You don’t get to close yourself off and call it strength.

The words flicker through my mind uninvited, and I shove them down so hard that I taste bitterness.

I pass a sink in the hallway, and the scent of antiseptic hits me wrong—too sharp, too familiar—and for a second, I’m somewhere else entirely.

A different corridor with much older paint, a vending machine that never worked, and a chair that dug into the backs of my legs because I’d been sitting there too long, watching numbers I couldn’t control.

I don’t let the memory form fully. I don’t let it sharpen into details. I blink once, ground myself in the present, and keep walking.

There are memories I don’t touch for a reason.

In the back of my mind, I’m aware that Melissa’s message sits unanswered in my phone. I read it once in my office earlier, then again in the elevator when I should’ve been paying attention to the doors opening and closing.

I know you’re hurting. But I need someone who stays.

It isn’t a demand, and she isn’t angry. That’s what makes it dangerous.

It’s reasonable and fair.

I set my phone face down on my desk, like hiding the screen will hide the meaning.

This is why I don’t do relationships.

Not because I’m incapable of feeling, but because I feel too much, and I learned the hard way what that costs.
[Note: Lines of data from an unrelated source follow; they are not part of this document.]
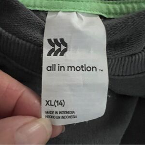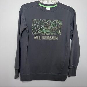 All in Motion Boys Gray Crewneck Sweater with Bold Green Design Size 14 EUC
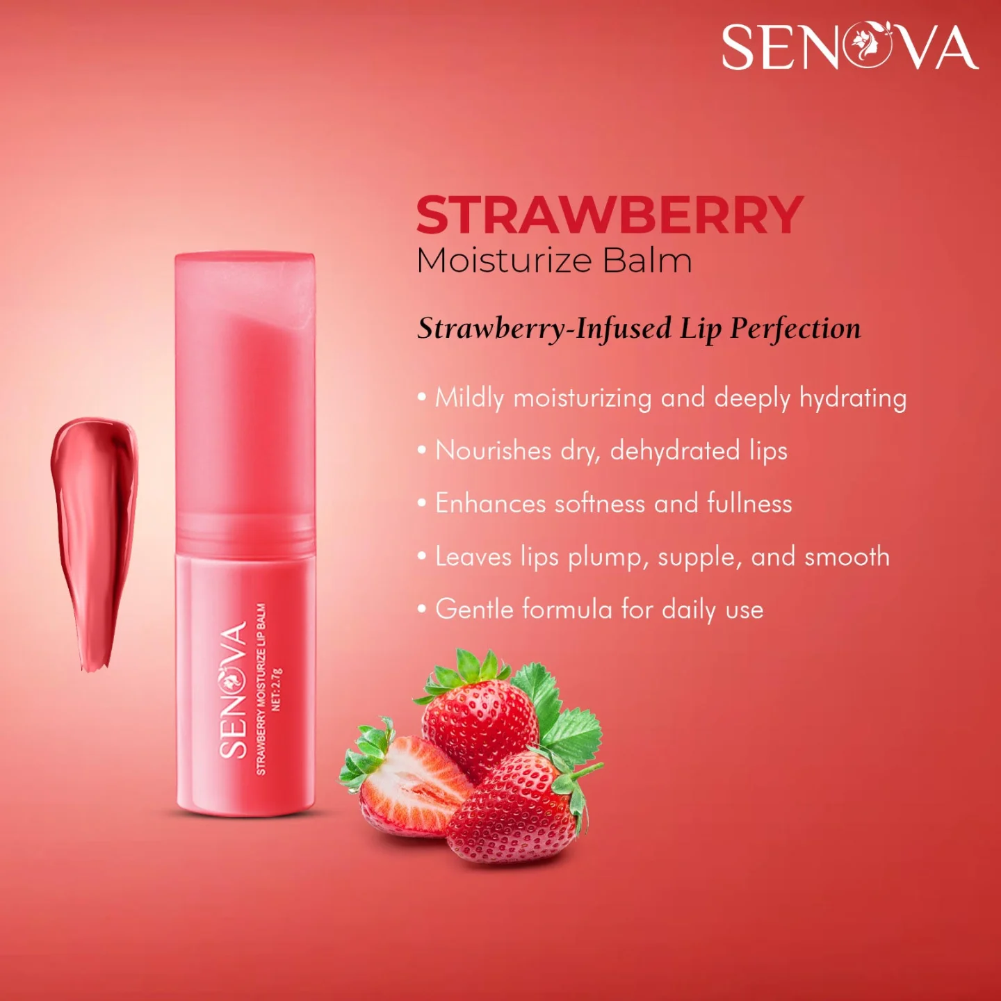 Senova Strawberry Moisturize Lip Balm is a nourishing lip care formula designed to provide deep hydration and relieve dry, chapped lips. Infused with strawberry extract, it helps restore softness, smooth lip texture, and lock in moisture for long-lasting hydration. The lightweight balm glides effortlessly, leaving lips feeling refreshed, supple, and delicately scented.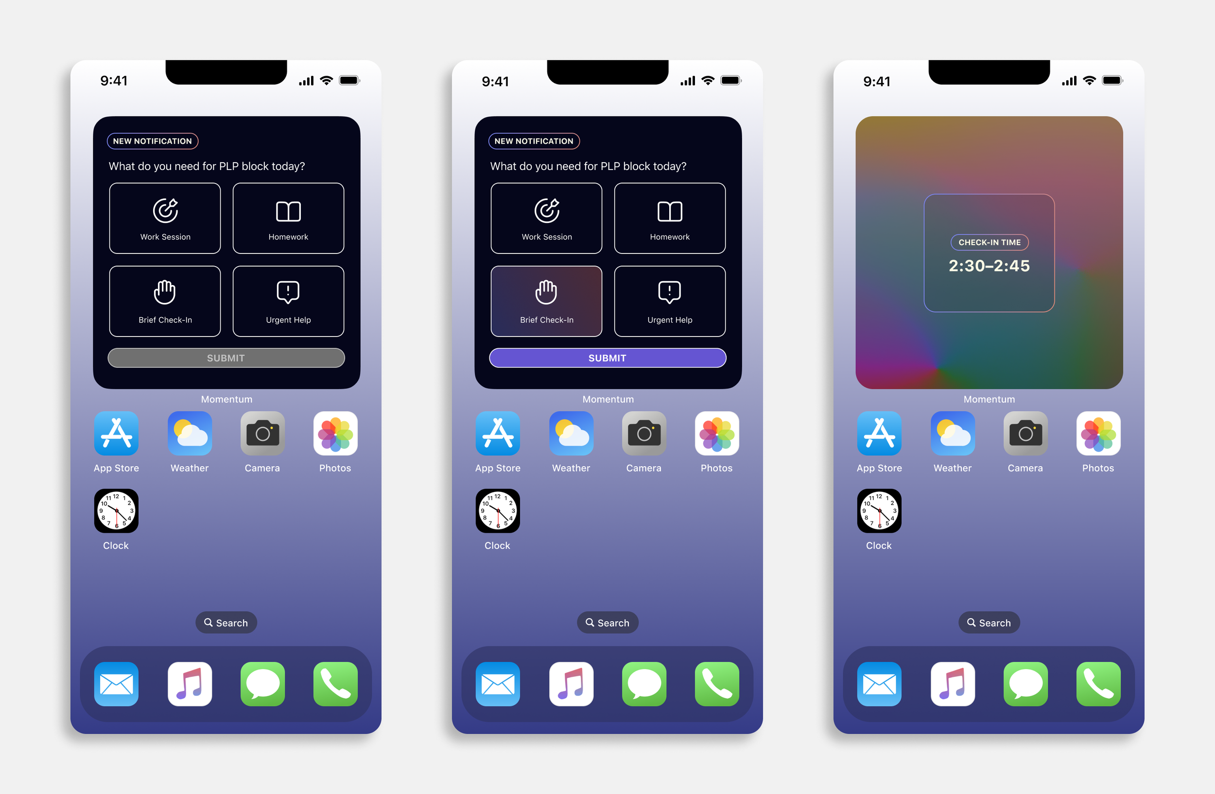 The simple usability of widgets aligned well with our intentions to create a non-laborious solution for students. At the start of each PLP block, students are notified to fill out a form to let the teacher know how they plan on spending the PLP block. If the student chooses to meet with the teacher, they will receive an estimated check-in time on their widget.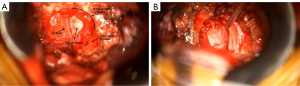 Once a good exposure was achieved and the correct level confirmed with fluoroscopy (with an instrument such as a Watson Cheyne dissector in the target foramen), an operating microscope was used.

Closeness loosens things I keep sealed when grief doesn’t stay neatly contained once you crack the door open.

I don’t think her name.

I never do, not consciously. I’ve trained myself not to.

But there are nights when the hospital is too quiet, I’m too tired, and something slips. A phantom ache that’s lived inside me for years. A hospital room. A too-bright morning. A doctor’s voice that sounded calm while mine turned to static.